Saturday and Sunday 13th and 14th September will see the Museum will open the doors of the Depot for a weekend of activities focusing on the role of London’s Transport in the First World War.
The highlight of the weekend will be the 1914 B-type bus No 2737. Friends will see the effect of wartime transformation, stripped of its livery it will have been converted into a wartime Battle Bus, with khaki paint and boarded up windows, ready to transport troops to the Front Line.
There will be an opportunity to board the bus before it heads off on a commemorative tour to the First World War battlefields of Northern France and Belgium the following week.

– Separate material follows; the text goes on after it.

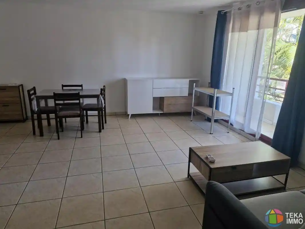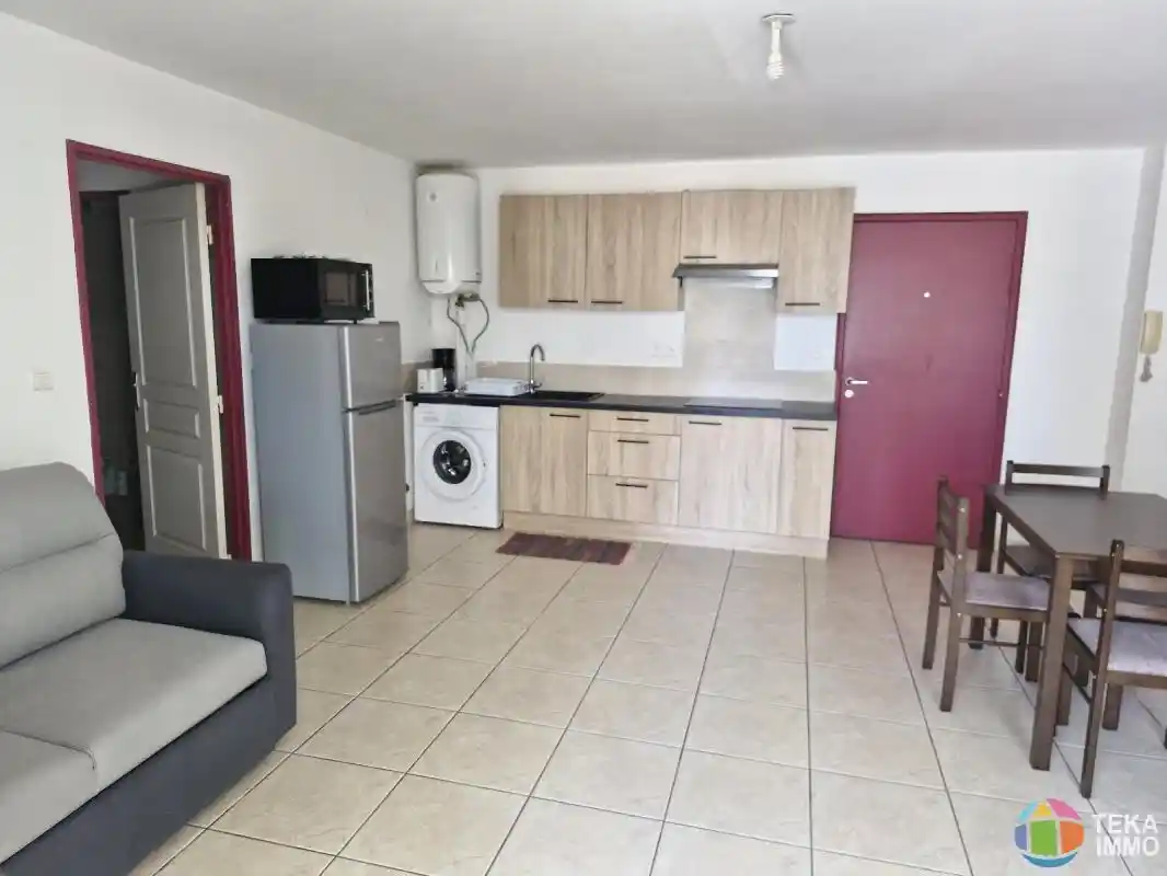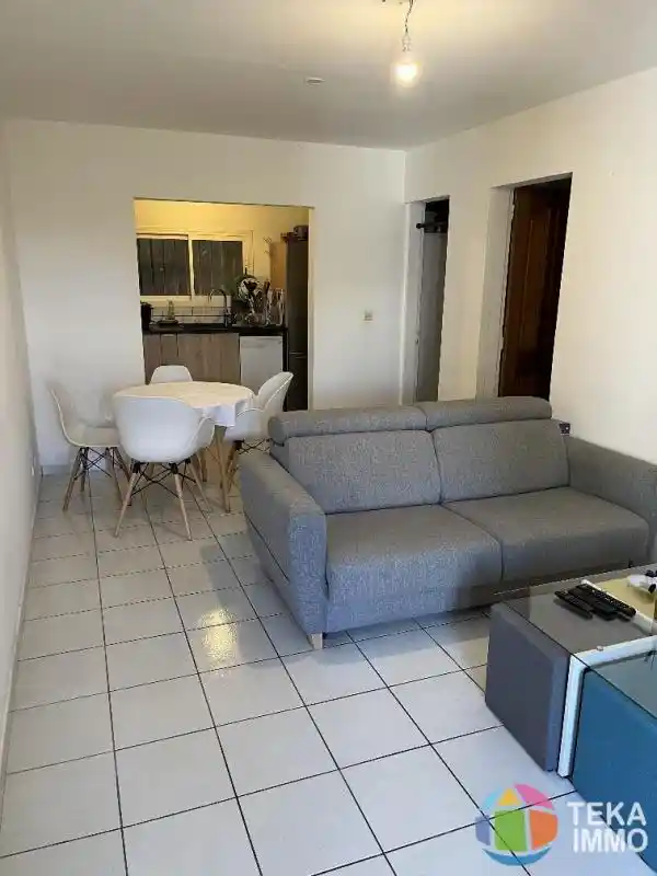 une entrée, un séjour avec brasseur d'air, une cuisine américaine équipée, un dégagement desservant une salle d'eau, un wc séparé, une chambre avec placard et brasseur d'air, chauffe eau solaire, un parking sous sol.

More on London’s buses during the First World War can be discovered with talks from Dr Graham Winton and the Battle Bus restoration team and screenings from the Museum’s Goodbye Piccadilly exhibition.
Also on display will be four vintage motorcycles from the London Motorcycle Museum, including a 1919 Triumph Model H – a motorbike used in the First World War to provide effective communications with the front line troops
Other tours include the small object store and the bus pit, whilst the weekend also offers regular favourites such as Acton Miniature Railway, heritage bus runs and a range of memorabilia stands.
The Friends will be greeting visitors on arrival and selling a range of memorabilia and branded merchandise.
Entrance to the open weekend is free to all Friends.